Wednesday, May 13, 2009
The Georgetown Palace does its familiar high-gloss finish on this production with talented actors, a vigorous show orchestra, and an impressively atmospheric functional two-story set presenting Muschnik's shabby flower shop in the even shabbier surroundings of a NYC "Skid Row." The audience appeared to enjoy the goings-on and the six- and eight-year-olds sitting near me in Row B were fascinated by the puppetry for Audry II, the extraterrestrial carnivorous plant out to conquer the world from those humble beginnings.
For me it was a Grade A production of a Grade D musical play.
This story started as the campy 1960s black humor movie shot in two days by Roger Corman, with Jack Nicholson in a minor role. The 1982 success in New York of the musical The Little Shop of Horrors prompted puppeteer Frank Oz to produce a movie version in 1986. The show has made the rounds ever since, usually accompanied by the teeny and the massive versions of Audrey II provided by Character Translations in Pennsylvania, based on designs by Martin P. Robinson, a Jim Henson Master Puppeteer.

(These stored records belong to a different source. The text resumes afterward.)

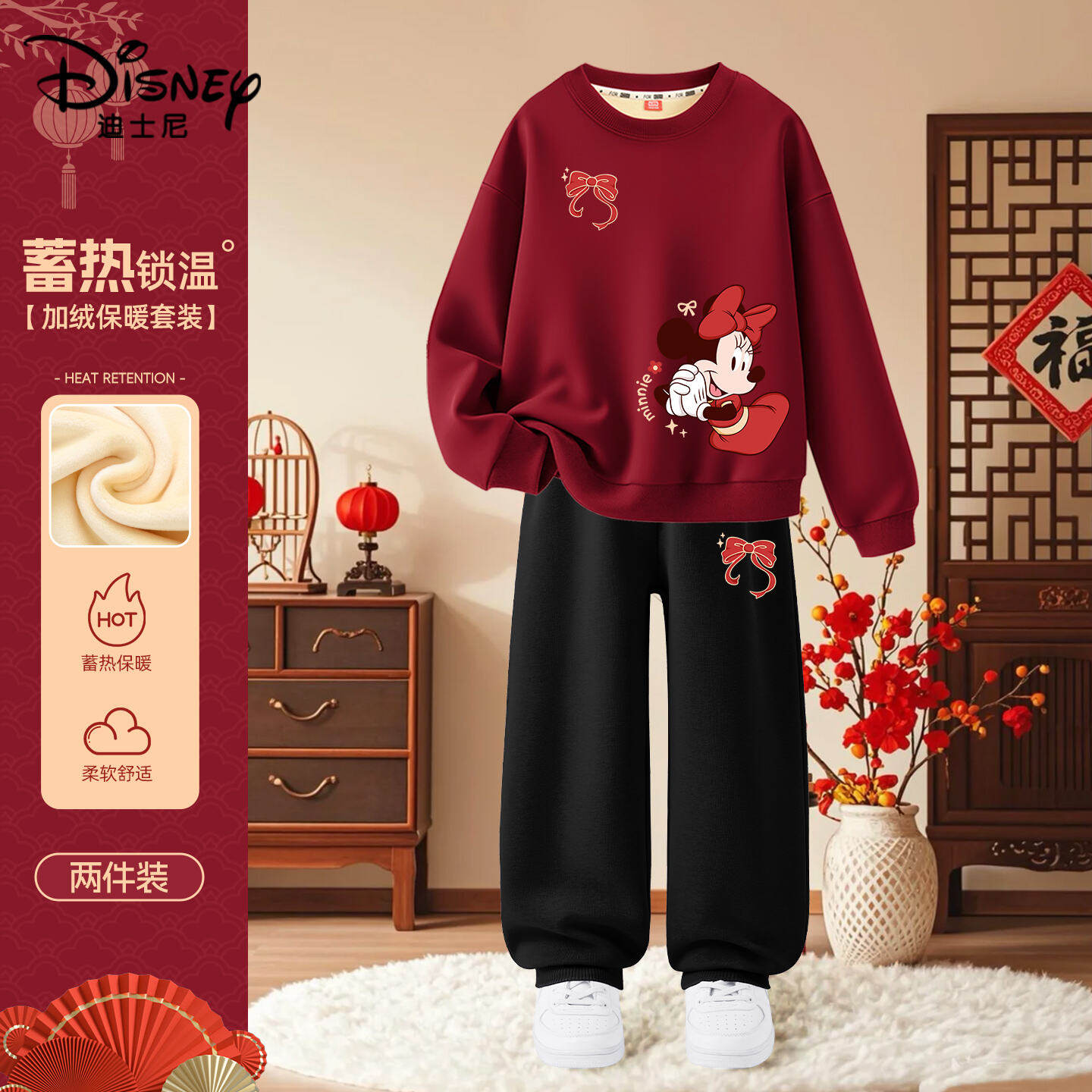 迪士尼童装女童加绒套装拜年服2026新款儿童马年卫衣红色喜庆冬装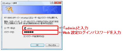 - [ntt.setupに接続]が表示されます。[ユーザー名]に「admin」と入力し、[パスワード]に初期設定時に設定したWeb設定ログインパスワードを入力し、[OK]をクリックします。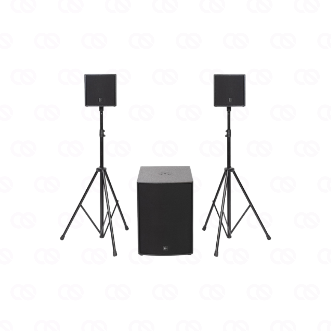 Компактный и мощный активный акустический комплект, состоящий из двух пассивных сателлитов с коаксиальными 8” (1” драйвер) динамиками и сабвуфера с 15” (катушка 3”). Сабвуфер имеет встроенный 3х канальный усилитель с модулем DSP.Мощность встроенного усилителя 2х400 Вт + 800 Вт.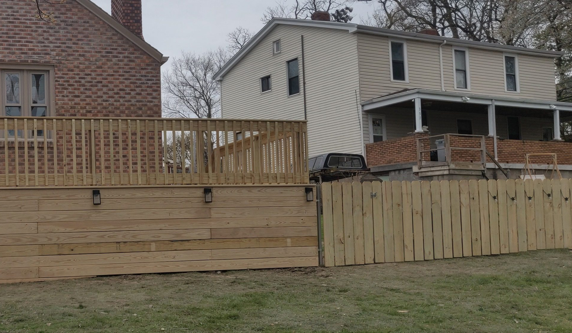 We delivered a stunning elevated deck that exceeds all safety standards while providing the outdoor space our clients envisioned. Quality pressure-treated lumber, vertical picket railings, and professional construction techniques ensure durability for years to come. The custom skirting with built-in lighting adds a finished touch while concealing the understructure. Every detail was carefully executed to create an outdoor space the family can enjoy with complete confidence.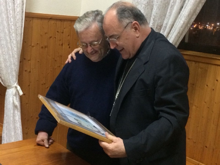 Con motivo de sus Bodas de Oro sacerdotales, la comunidad salesiana de Las Palmas obsequió a don Francisco Cases Andreu, obispo de Canarias, con un dibujo a plumilla, obra del salesiano Paco Fuentes.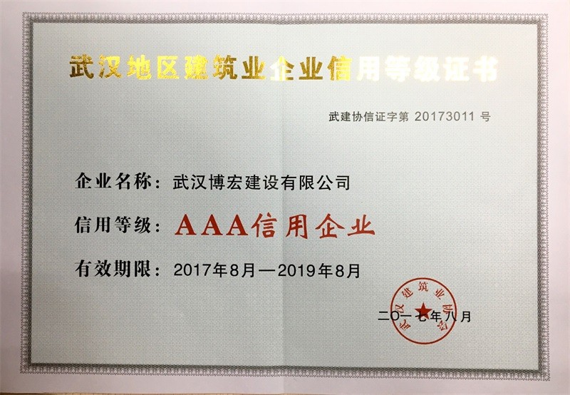 武漢地區建筑業企業信用等級證書2017-2019年度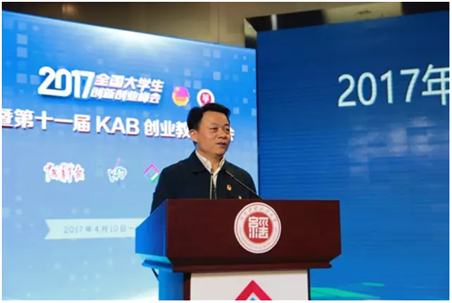 由共青团中央、全国学联指导,全国大学生创新创业联盟、中国青年报社联合主办的2017年全国大学生创新创业峰会暨第十一届KAB创业教育年会于4月10日至11日在河南财经政法大学召开,会议围绕“大学生创新创业与中国经济发展新动能”主题展开。团中央书记处书记傅振邦,中共河南省委常委、组织部部长孔昌生,以及全国大学生创新创业联盟、中国青年报社、团河南省委、河南财经政法大学等主、承办单位的负责同志及支持单位负责人出席了此次活动,全国大学生创新创业联盟常务理事、KAB项目参与高校的师生代表、2016年“大学生创业英雄”称号获得者及部分大学生创业者代表也参加了活动。
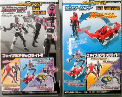 まずFAコンプから!Oh!マイ! ガンモードライドブッカーつき。 FAディケのがソードなので交換したり……とおもったらシールが1弾のとと違う! なんか統一感なくてつかえねー。(つか銀は明らかに誤りだし……) 最初に言っておく!胸のカード類はシールだ!(当然) だけどちっさいから全部の顔ちゃんと見えないよ!おかしいね!さっちゃん。 つづきましてー。コント「おばあちゃん」 武器などつかん!握り手だからな。 ……あ、単独立ち姿どっちもとってねーやw並び立ちで勘弁。 カブトははずして素体っぽくする部分がありません……無念。 (両肩から生えてるゼクターの角はネジでボディあけないと取れない) どちらも下半身黒すぎ。(コンプは側面あるからそうでもないか) DCD「おい、おばあちゃんの話はどうなった?」 カブト「おばあちゃんとかけて、ゼクターカブトと解く……」 カブト「どちらも腰がすごく曲がってるってな!」 DCD「……(曲がってんじゃなくて前後逆にしてるだろ取り付け位置変わってるし)」 いちおう尾端の凸にDCDの足裏の穴引っ掛けて乗りこなせってなってます。 ……でもコンプのときは最終フォーム呼び出しだからなぁ。 PR Designed by まめの (Customized by Lost R) Copyright © [ るまぶろげーとZ ] All Rights Reserved. http://ruma.blog.shinobi.jp/ |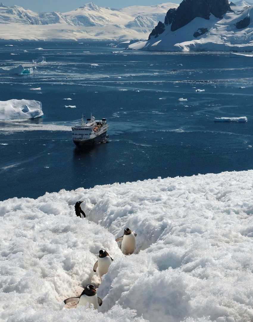 As the solstice nears, the sun is up for nearly 22 hours, and the days seem to blend together. There is barely any darkness, and we don’t want to miss any of Antarctica’s beauty—glaciers, steep mountains, deep snow, high rock cliffs, and icebergs. We can sleep when we leave this magical place.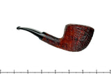 With a mighty and capacious chamber, this hand held implement of personal satisfaction is a clydesdale of workhorse smokers. With so much briar surrounding the bowl, there will always be a comforting cool draw no matter how fast you can smoke. The real show here however, is the phenomenal sandblast. Row after row of tight rings sectioned together by dominant straight grain; as if a spider's web was the inspiration. Deeply finished in rusty auburn tones, this palm sized puffer will be a prized piece for generations of constant use.

I enjoy camp and I enjoy black humor. But in order to appreciate camp, you have to know and relish the art form or the artwork that is being exaggerated to pieces. Relating to this show, one of my blind spots, not shared by the majority of the American public, was cinematic. I don't know much about horror films, alien invasion films or creature films, except for Godzilla and King Kong (in the 1928 version, please). And the other blind spot was Audrey II. When I settled in the front of the Georgetown Palace last Friday, I'd never seen the play or either of the movies. So I was a blank slate for Howard Ashman's book and lyrics, as well as for Alan Menken's music.